Константин Богомолов о театре и зрителях
Константин, расскажите, как проходит отбор в школу?
Первый тур – простое собеседование, на котором я устанавливаю психологический контакт с людьми. На втором туре – это уже задания, подобранные индивидуально для каждого претендента. Кого-то можно попросить что-то почитать, кому-то дать этюд. А с кем-то нужны иные, нестандартные формы взаимодействия, чтобы понять, на что человек способен. Меня, честно говоря, меньше всего интересуют такие вещи, как темперамент или наличие профессиональных качеств, которые позволяют стать артистом. Важно, насколько человек действительно отдает себе отчет, что хочет этим заниматься. Нам не нужны те, кто рассматривает учебу как дополнение к своей основной работе. В то же время это должны быть интересные личности, на которых останавливается взгляд, от которых идет то, что вас цепляет. И, что немаловажно, это должны быть люди, не имеющие сформировавшегося представления об актерской профессии, навеянного участием в самодеятельности, первым образованием или собственным видением того, каким должен быть актер.
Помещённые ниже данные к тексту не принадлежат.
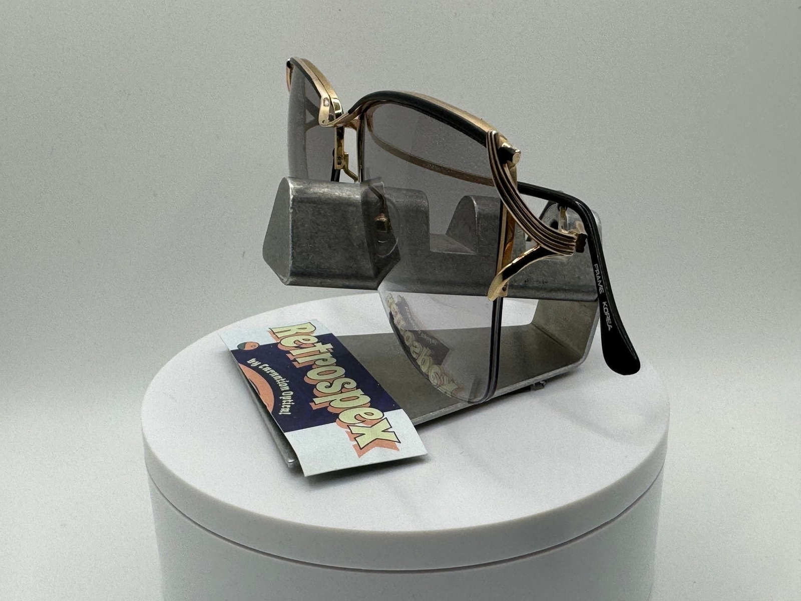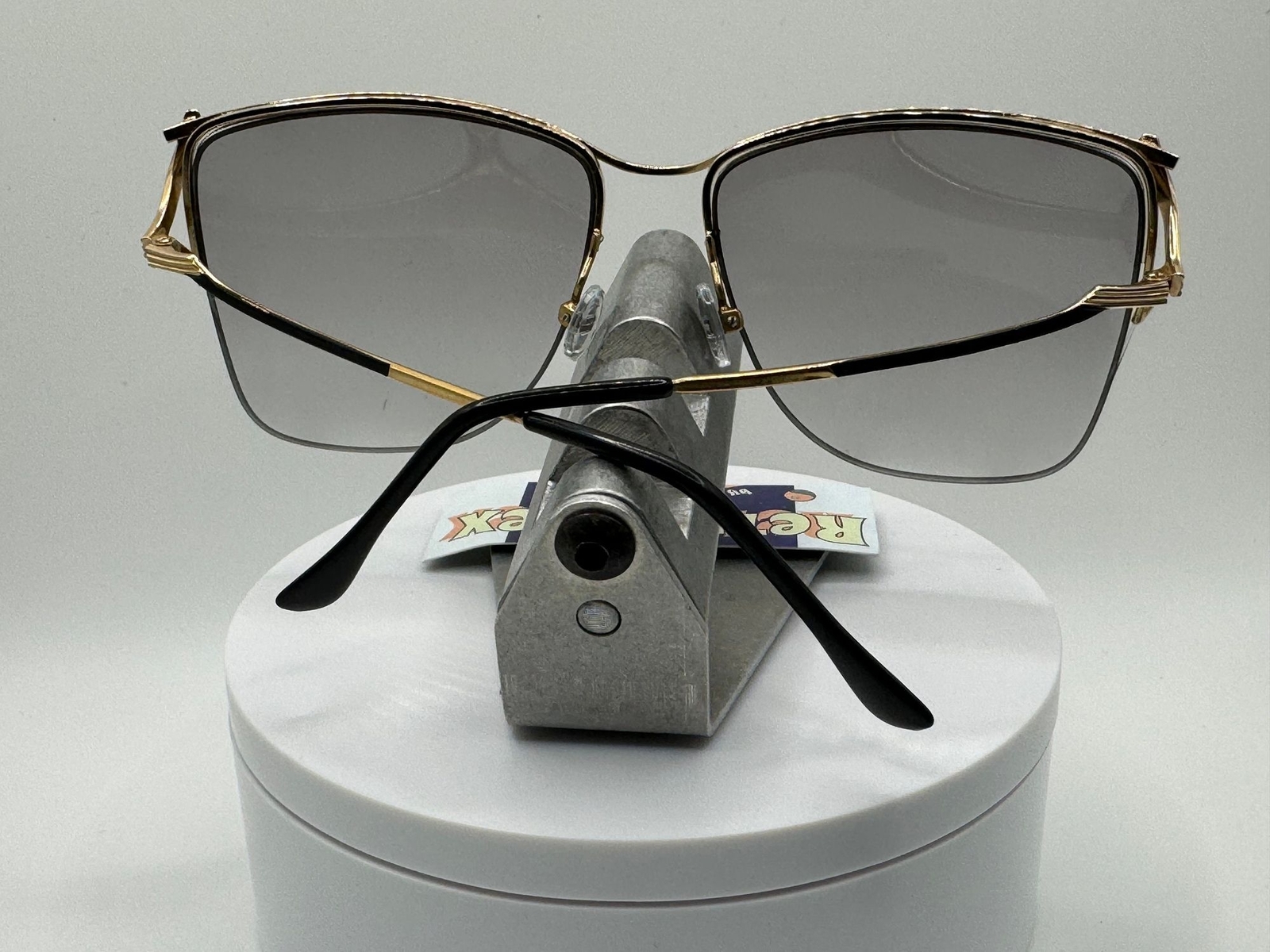 как выглядит Vintage Oversize Sunglasses NOS Light Grey Fade Lens Black Gold Frame Retro фото

Можно ли вообще научить актерскому мастерству?
Выдающийся талант можно не испортить, дав ему технологические азы, развив физические и голосовые данные. Актерские школы существуют прежде всего для воспитания среднего артиста, который импровизировать не может и берет техникой. На самом деле наша проблема заключается не в количестве выдающихся актеров (их всегда мало), а в низком качестве артиста среднего, массового. Поэтому хорошего среднего артиста и должна выдавать наша школа.
Если вам интереснее работать со средним актером, зачем вы берете в школу выдающихся? Это какой-то сhallenge?
Да. И для меня, и для других студентов. Кроме того, это очень хороший обучающий фактор. Вы понимаете, искусство всегда мимитическое, то бишь подражательное. Лучшие мои воспоминания о педагогах – например, о моем мастере Гончарове – связаны не с тем, что он давал какое-то особенное знание, а с тем, что он был мощной личностью, и ему хотелось подражать. Точно так же мне хотелось подражать Някрошюсу или Фоменко. И это хорошо. Выбор того, чему человек подражает, очень много говорит о нем самом. Именно подражая, мы обретаем свой язык. Поэтому для актера так важно общегуманитарное образование.
То есть вы считаете, что актерам не хватает начитанности...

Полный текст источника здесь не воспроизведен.